One expense that can be avoided by a properly drafted and administered trust is the Michigan probate inventory fee.

Large estates (over $1,000,000 in assets for an individual, or $2 million for a couple) can reap substantial tax benefits from the use of living trusts. These benefits consist of both tax avoidance, and deferral of taxes until after the death of a survivor. Generally, smaller estates will avoid no inheritance tax through the use of living trusts. Persons with very large estates should consider a wide array of estate planning options, such as having at least two properly funded revocable trusts (the "marital trust" and the "family" or "unified credit trust"), and using insurance, irrevocable trusts, or family limited partnerships. Estates containing tax-sensitive assets, such as real estate, business interests and well-funded retirement plans, can create problems that are best addressed by a trust.
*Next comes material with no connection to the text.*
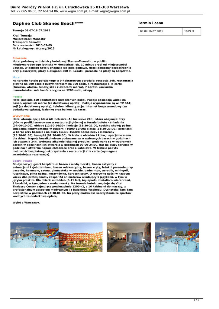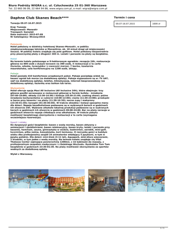 Biuro Podróży WIGRA s.c. ul. Człuchowska 25 01-360 Warszawa Tel. 22 665 06 06, 22 664 94 86, www.wigra.com.pl, e-mail: [email protected] Daphne Club Skanes Beach**** Tunezja 09.07-16.07.2015 Termin i cena 09.07-16.07.2015 1699 zł Kraj: Tunezja Miejscowość: Monastir Transport: Samolot Data ważności: 2015-07-09 Nr katalogowy: Wczasy/2015 Położenie Hotel położony w dzielnicy hotelowej Skanes-Monastir, w pobliżu międzynarodowego lotniska w Monastirze, ok. 10 minut drogi od miejscowości Sousse. W pobliżu hotelu znajduje się pole golfowe. Hotel położony bezpośrednio przy piaszczystej plaży o długości 300 m. Leżaki i parasole na plaży są bezpłatne. Hotel Na terenie hotelu położonego w 9-hektarowym ogrodzie: recepcja 24h, restauracja główna na 800 osób z dużym tarasem na 300 osób, 4 restauracje a`la carte (turecka, włoska, tunezyjska i z owocami morza), 7 barów, kawiarnia mauretańska, sala konferencyjna na 1200 osób, sklepy. Pokoje Hotel posiada 410 komfortowo urządzonych pokoi. Pokoje posiadają widok na basen/ ogród lub morze (za dodatkową opłatą). Pokoje wyposażone są w: TV SAT, sejf (za dodatkową opłatą), telefon, klimatyzację, internet bezprzewodowy (za dodatkową opłatą), łazienkę oraz balkon lub taras. Wyżywienie Hotel oferuje opcję Maxi All Inclusive (All Inclusive 24h), która obejmuje: trzy główne posiłki serwowane w restauracji głównej w formie bufetu - śniadania (07:00-10:00), obiady (12:30-14:30) i kolacje (18:30-21:00, cooking show); późne śniadania kontynentalne w cukierni (10:00-12:00); ciasta (11:30-23:00); przekąski w barze przy basenie i na plaży (11:30-16:30); nocne zupy i makarony (23:30-01:30); kanapki (01:30-06:00). W trakcie obiadów i kolacji specjalne menu dla dzieci. Napoje bezalkoholowe podawane są w wybranych barach w godzinach ich otwarcia 24h. Wybrane alkohole lokalnej produkcji podawane są w wybranych barach w godzinach ich otwarcia w godzinach 09:00-24:00. Bar na plaży serwuje w godzinach otwarcia napoje chłodzące oraz alkoholowe. W trakcie pobytu możliwość bezpłatnego skorzystania z restauracji a`la carte (wymagana wcześniejsza rezerwacja). Sport i relaks Do dyspozycji gości bezpłatnie: basen z wodą morską, basen aktywny z animacjami i zjeżdżalniami, basen relaksacyjny, basen kryty, leżaki i parasole przy basenie, hammam, sauna, gimnastyka w wodzie, badminton, aerobik, mini-golf, łucznictwo, piłka nożna, koszykówka, kort tenisowy. O rozrywkę gości w każdym wieku dba profesjonalny zespół 24 animatorów władający 5 językami, w tym w języku polskim. Dla dzieci: mini-klub (3-11 lat), Aquapark, mini-disco wieczorami, 2 brodziki, w tym jeden z wodą morską. Na terenie hotelu znajduje się Vital Thalasso Center zajmujące powierzchnię 1200m2, z 16 kabinami do masaży, z profesjonalnym zespołem medycznym i z Dalekiego Wschodu. Dyskoteka Tam Tam bezpłatnie w godzinach 23:30-01:30. Na plaży możliwość skorzystania ze sportów wodnych za dodatkową opłatą. Wylot z Warszawy. 1/1 Powered by TCPDF (www.tcpdf.org)

Some law firms, investment advisers and insurance agents specialize in dealing with large and complex estates.

Another misunderstood, and by far the most misused, estate planning device is deeding real estate and transferring financial accounts to joint name with a potential heir. The intent is usually to avoid probate delays and expense. This is a possibility with joint property, but only after careful analysis. Sometimes people mistakenly believe that joint property transfers avoid taxes. In fact, a gift tax may be incurred at the time of the transfer, and a tax savings opportunity for the surviving joint owner (called "step up in basis") may be lost at the death of a the first joint property owner to die. Deeding to joint tenancy involves a loss of control over the asset, putting the client at the mercy of the heir if the client has a change of heart, and wants the property deeded back to him or her. Joint, non-marital, property interests are more vulnerable to the claims of the potential heir's creditors. Joint ownership sometimes results in unintended windfalls or disinheritances for one or another branch of the family, due, for example, to an unanticipated order of death.

Deeds are sometimes necessary in estate planning, even when joint property is not part of the plan. Normally, a grantor's real property is deeded to his or her revocable trust. Sometimes, a joint property owner will want to have the potential heir deed his or her share of joint property back, as a prerequisite to incorporating that property into a will or trust distribution scheme.